Justice Benotto rejected the firm’s position in Jackson on the basis that the 2004 amendments to the Act the phrase “contingent, in whole or in part,” which would also prohibit a premium or a bonus. She provided special attention to the policy considerations of contingency fee arrangements in family law, as follows,
(ii) Policy concerns
 I do not accept the appellant’s submission that the public policy concerns regarding contingency fee agreements in family law matters do not apply where the agreement is contingent only on success, and not tied to a specific monetary result.
 Family law litigation is fundamentally different from civil litigation. One of the unique aspects of family law is that monetary recovery does not occur in the same way in family law litigation as it does in civil litigation. Instead the family finances – which are depleted daily by litigation costs – are divided. No outside funds are injected into the recovery. In these circumstances, it is inappropriate for a lawyer’s fee to be contingent on the monetary result.
 It is also inappropriate for a lawyer’s fees to be contingent on success. In family law litigation, the emphasis is “on resolution, mediation and ways to save time and expense in proportion to the complexity of the issues”: Frick v. Frick, 132 O.R. (3d) 321, at para. 11. A fee based on success risks detracting from, and indeed undermining, this emphasis.

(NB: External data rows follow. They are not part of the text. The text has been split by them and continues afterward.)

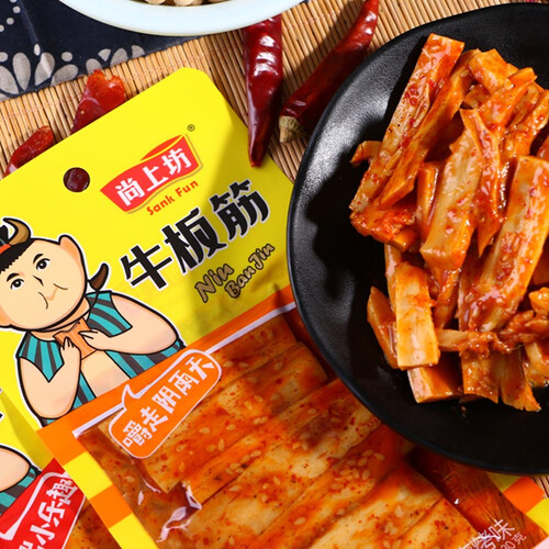 使用十二种香料精心制作而成,辣味与多种香味融合一体,鲜香味美。选用优质牛背大筋制成,更有嚼劲口感更棒。
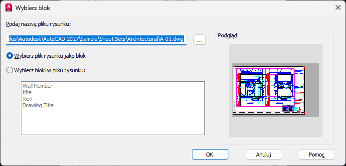 Wybierz plik rysunku jako blok
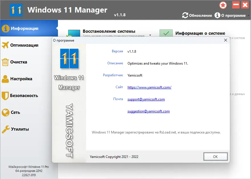 Windows 11 Manager — это комплексный инструмент для настройки, оптимизации и обслуживания операционной системы Windows 11. Программа объединяет более сорока служебных утилит, позволяя ускорить работу системы, повысить её стабильность и безопасность, очистить от ненужных файлов и персонализировать интерфейс под индивидуальные предпочтения пользователя. Подходит как для новичков, так и для опытных пользователей.
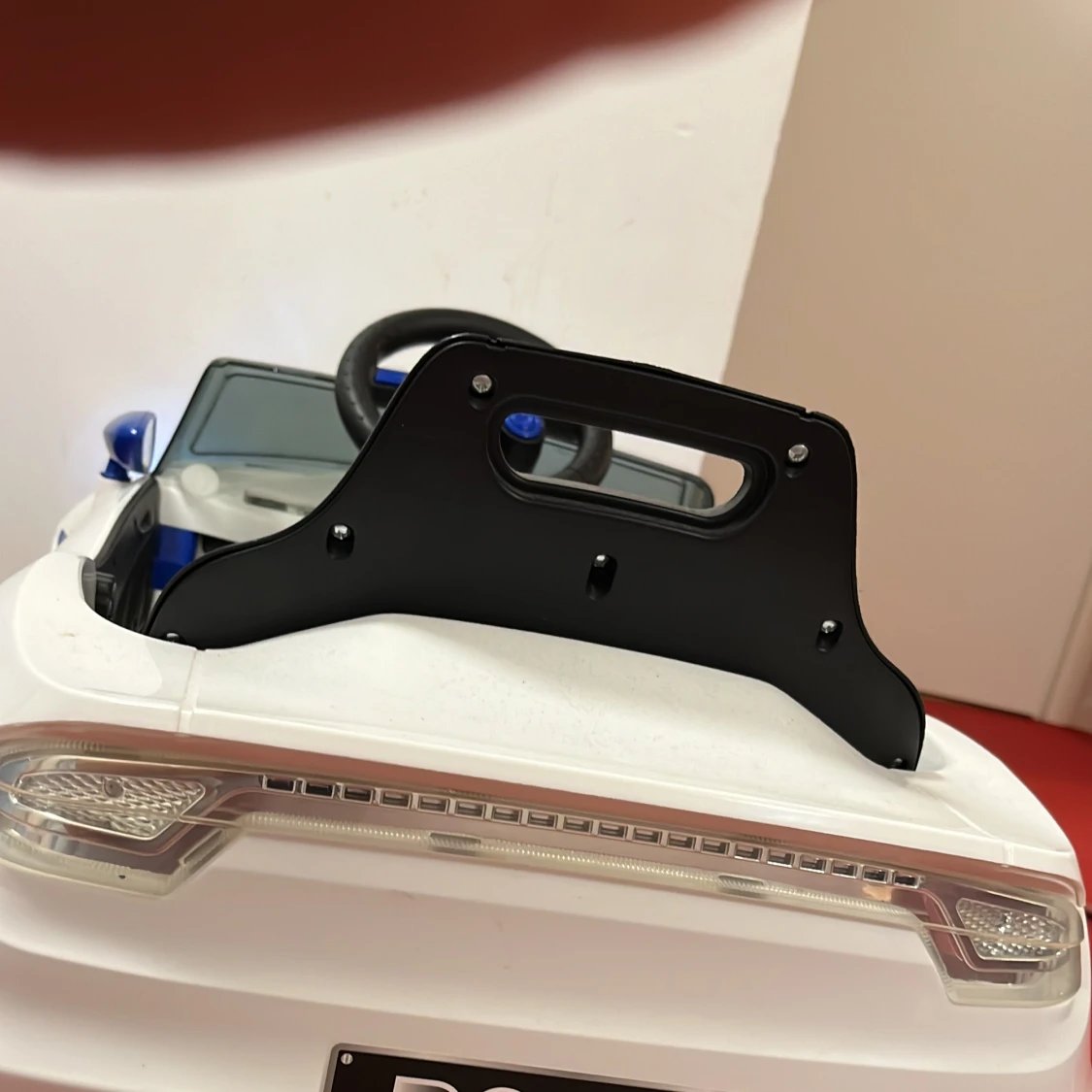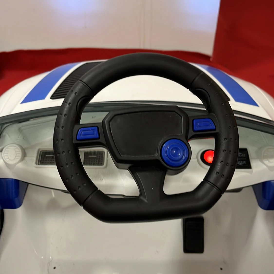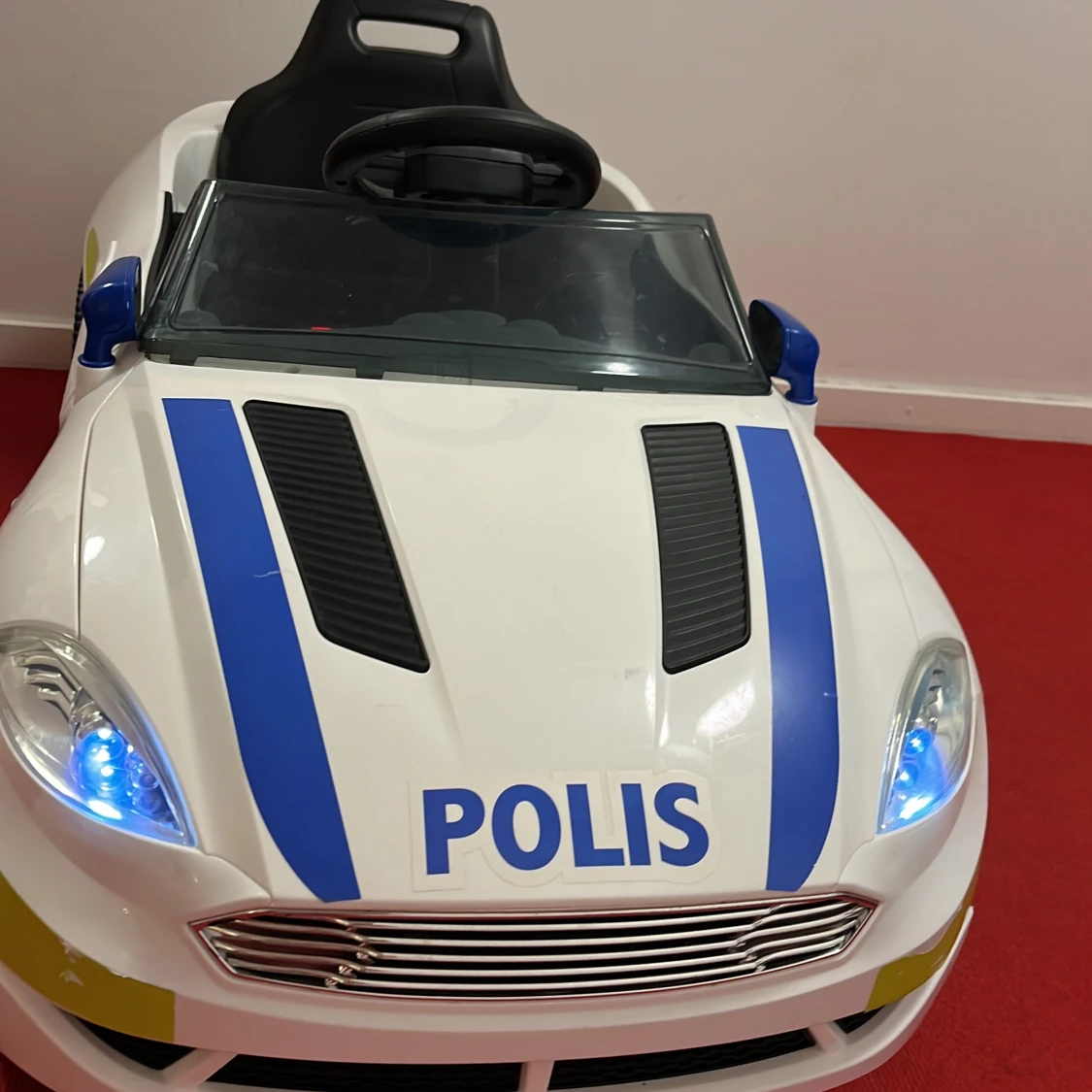 Hej den är en polis bil den fungerar jätte bra inget är sönder den har en belte som barnen kan sitta i dörren den öppnas och det fungerar från 2-6 år gammal vi har använt den några gånger den kan göra ljud asså den har musik och lappar fungerar.

 When the primary issue is custody, a fee based in whole or in part on results achieved is even less appropriate. There are no “winners” and “losers”. A custody decision by the court involves a determination of a child’s best interests. It cannot be scrutinized to determine which parent had the more “successful disposition”.

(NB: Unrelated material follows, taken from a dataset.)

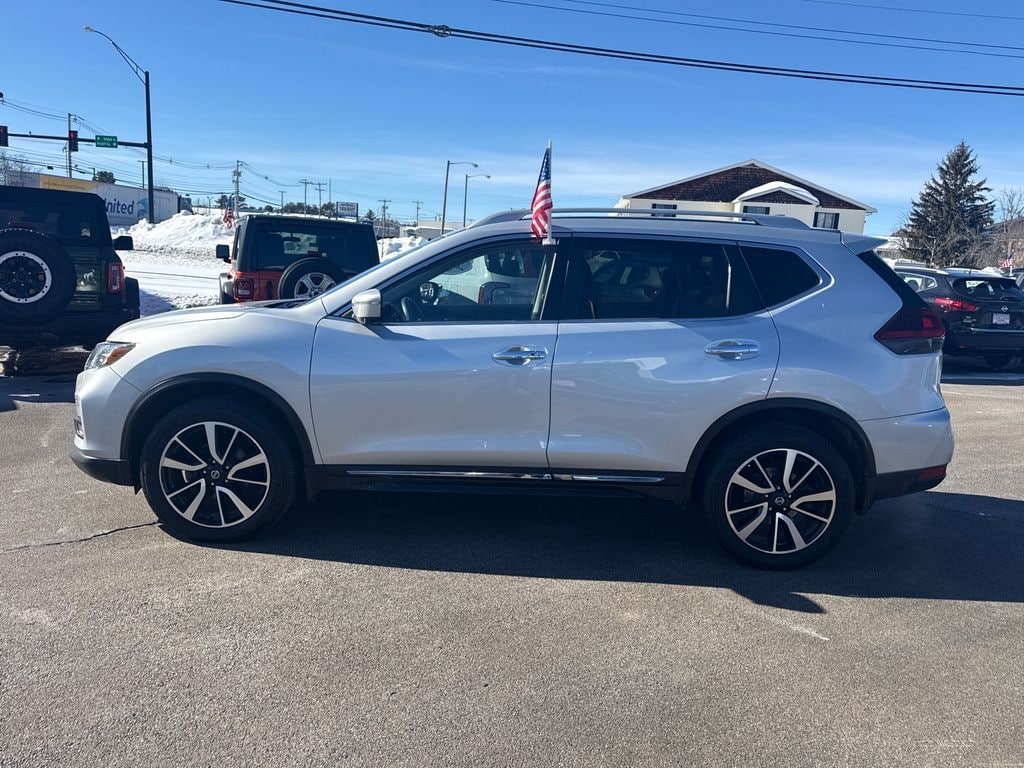 Brilliant Silver Metallic 2019 Nissan Rogue SL AWD CVT with Xtronic 2.5L I4 DOHC 16V Rogue SL, 4D Sport Utility, AWD, Brilliant Silver Metallic, Platinum Leather, 19" Aluminum Alloy Wheels, 9 Speakers, Blind Spot Warning, Bose Audio, Chrome Rear Bumper Protector, Electronic Stability Control, Front Bucket Seats, Heated door mirrors, Heated steering wheel, Illuminated entry, Low tire pressure warning, Lthr Appointed Seats/Special Quilted Lthr Inserts, Memory seat, Navigation System, NissanConnect featuring Apple CarPlay and Android Auto, Platinum Reserve Interior Package, Power driver seat, Power Liftgate, Radio: AM/FM/CD/AUX NissanConnect w/Navigation, Rear Parking Sensors, Remote keyless entry, Security system, Spoiler, Traction control, Turn signal indicator mirrors.

 The legislature excluded family law matters from contingency fee agreements on public policy grounds under s. 28.1(3)(b) of the Act. There is no reason to limit that exclusion to only agreements tied to monetary results.
The firm’s appeal of the assessment of the Results Achieved Fee was therefore dismissed.
There cannot be any traditional gauge of success in family law, as a provision of custodial decision-making to one parent is not a “win” by any understanding of civil litigation, but rather a determination of responsibilities in the specific context of a child, who is often an unrepresented non-party. The notion of “custody” is also frequently misunderstood by the public with concepts like primary residence and parenting time, and enormous and disproportionate emphasis is also placed on this goal without contemplation of the reasons behind it.
The only way this might occur is if the lawyers themselves engage in what the court in Bergel & Edson v. Wolf described as “the stirring up of the client to litigate in an endeavour to enforce rights which she would not otherwise pursue,” without proper counsel of dispute resolution alternatives and the long-term implications to the broader family unit of pursuing high-conflict litigation strategies. A contingency fee arrangement ultimately removes money from a party in the dispute over a child that could otherwise be spent on that child.
It’s unlikely that any firm, even if a contingency fee ban was lifted in family law, would likely be successful if they were to repeat this statement by Justice Benotto at para 47. For that reason, the prohibition on contingency fees in family law remains a pressing and compelling policy objective that should be continue to be upheld.